### Information provided
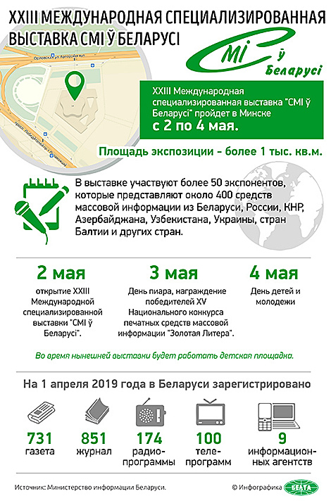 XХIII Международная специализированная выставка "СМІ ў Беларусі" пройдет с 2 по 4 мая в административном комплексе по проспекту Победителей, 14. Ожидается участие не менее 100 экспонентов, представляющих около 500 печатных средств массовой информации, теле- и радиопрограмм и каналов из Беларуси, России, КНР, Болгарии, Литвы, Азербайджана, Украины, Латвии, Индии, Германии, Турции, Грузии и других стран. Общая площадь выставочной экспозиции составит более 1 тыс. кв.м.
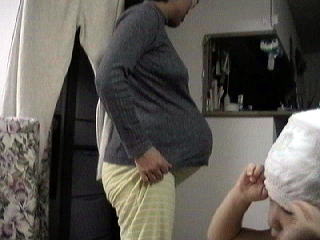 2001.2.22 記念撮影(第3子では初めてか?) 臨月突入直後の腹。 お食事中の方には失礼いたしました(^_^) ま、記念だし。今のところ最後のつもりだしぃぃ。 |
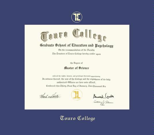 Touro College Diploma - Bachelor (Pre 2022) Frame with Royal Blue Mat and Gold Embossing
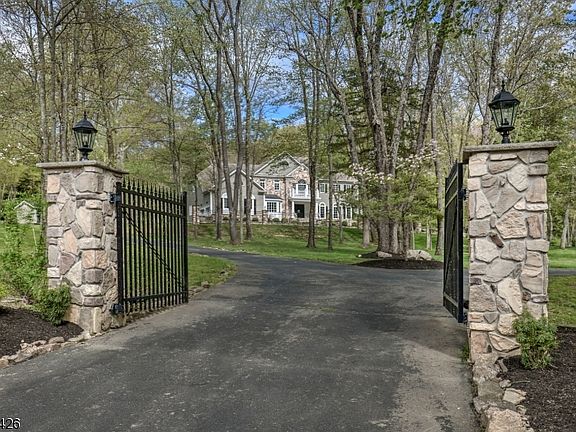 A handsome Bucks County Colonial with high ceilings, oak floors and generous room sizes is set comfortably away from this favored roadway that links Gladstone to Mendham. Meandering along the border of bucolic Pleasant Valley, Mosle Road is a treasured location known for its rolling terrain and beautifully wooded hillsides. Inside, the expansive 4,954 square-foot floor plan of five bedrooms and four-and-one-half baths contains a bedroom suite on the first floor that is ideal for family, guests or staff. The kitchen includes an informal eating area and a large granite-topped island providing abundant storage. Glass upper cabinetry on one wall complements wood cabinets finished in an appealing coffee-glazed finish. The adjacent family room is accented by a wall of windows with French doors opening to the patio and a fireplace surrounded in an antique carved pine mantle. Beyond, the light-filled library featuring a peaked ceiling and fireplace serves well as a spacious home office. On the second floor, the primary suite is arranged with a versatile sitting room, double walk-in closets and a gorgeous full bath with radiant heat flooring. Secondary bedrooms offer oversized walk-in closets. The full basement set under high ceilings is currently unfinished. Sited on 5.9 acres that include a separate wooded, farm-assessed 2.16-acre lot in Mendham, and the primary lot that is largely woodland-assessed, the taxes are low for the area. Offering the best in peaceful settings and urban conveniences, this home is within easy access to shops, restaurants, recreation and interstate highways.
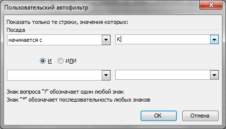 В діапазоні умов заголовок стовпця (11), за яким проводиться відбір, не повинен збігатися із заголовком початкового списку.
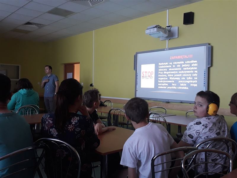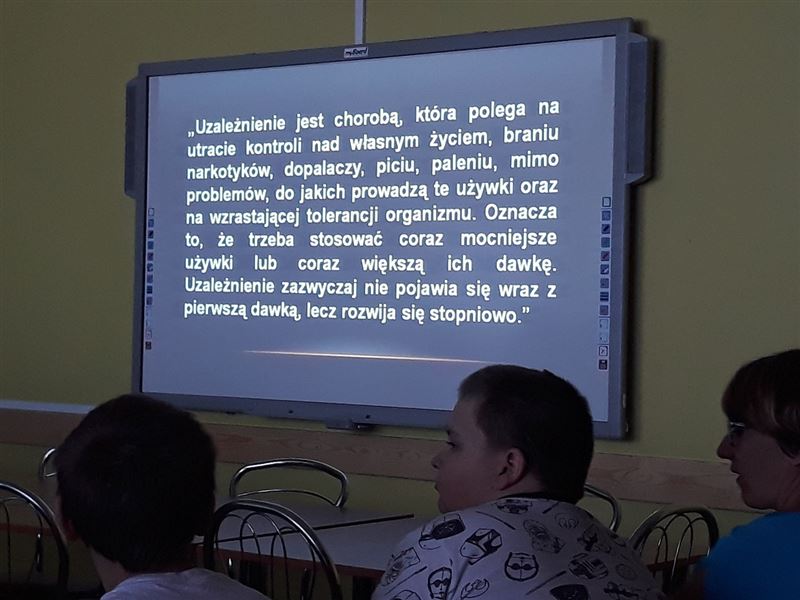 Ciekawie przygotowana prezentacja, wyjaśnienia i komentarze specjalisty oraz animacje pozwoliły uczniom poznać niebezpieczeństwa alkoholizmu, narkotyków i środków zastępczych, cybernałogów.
==
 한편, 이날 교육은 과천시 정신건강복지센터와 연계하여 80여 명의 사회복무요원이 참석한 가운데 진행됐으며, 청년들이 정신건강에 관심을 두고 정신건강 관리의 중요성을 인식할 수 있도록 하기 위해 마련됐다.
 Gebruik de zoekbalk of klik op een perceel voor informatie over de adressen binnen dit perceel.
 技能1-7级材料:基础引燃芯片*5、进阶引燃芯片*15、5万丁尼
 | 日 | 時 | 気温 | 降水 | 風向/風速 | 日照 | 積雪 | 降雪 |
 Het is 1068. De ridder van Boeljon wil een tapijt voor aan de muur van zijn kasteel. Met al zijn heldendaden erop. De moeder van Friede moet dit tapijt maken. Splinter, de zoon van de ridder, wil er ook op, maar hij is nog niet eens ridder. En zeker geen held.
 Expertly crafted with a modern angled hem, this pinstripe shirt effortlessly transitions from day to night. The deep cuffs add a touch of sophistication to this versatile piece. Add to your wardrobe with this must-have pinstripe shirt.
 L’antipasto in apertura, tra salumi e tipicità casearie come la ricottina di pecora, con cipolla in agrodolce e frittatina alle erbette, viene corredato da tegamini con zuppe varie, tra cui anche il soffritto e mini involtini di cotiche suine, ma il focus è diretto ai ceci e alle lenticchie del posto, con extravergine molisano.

### What is expected
Write out, from the lines above, only those from the line with "日照 | 積雪 | 降雪 |" to the line with "Expertly crafted with", exactly as given, including the first and the last.

### Exercise result
 | 日 | 時 | 気温 | 降水 | 風向/風速 | 日照 | 積雪 | 降雪 |
 Het is 1068. De ridder van Boeljon wil een tapijt voor aan de muur van zijn kasteel. Met al zijn heldendaden erop. De moeder van Friede moet dit tapijt maken. Splinter, de zoon van de ridder, wil er ook op, maar hij is nog niet eens ridder. En zeker geen held.
 Expertly crafted with a modern angled hem, this pinstripe shirt effortlessly transitions from day to night. The deep cuffs add a touch of sophistication to this versatile piece. Add to your wardrobe with this must-have pinstripe shirt.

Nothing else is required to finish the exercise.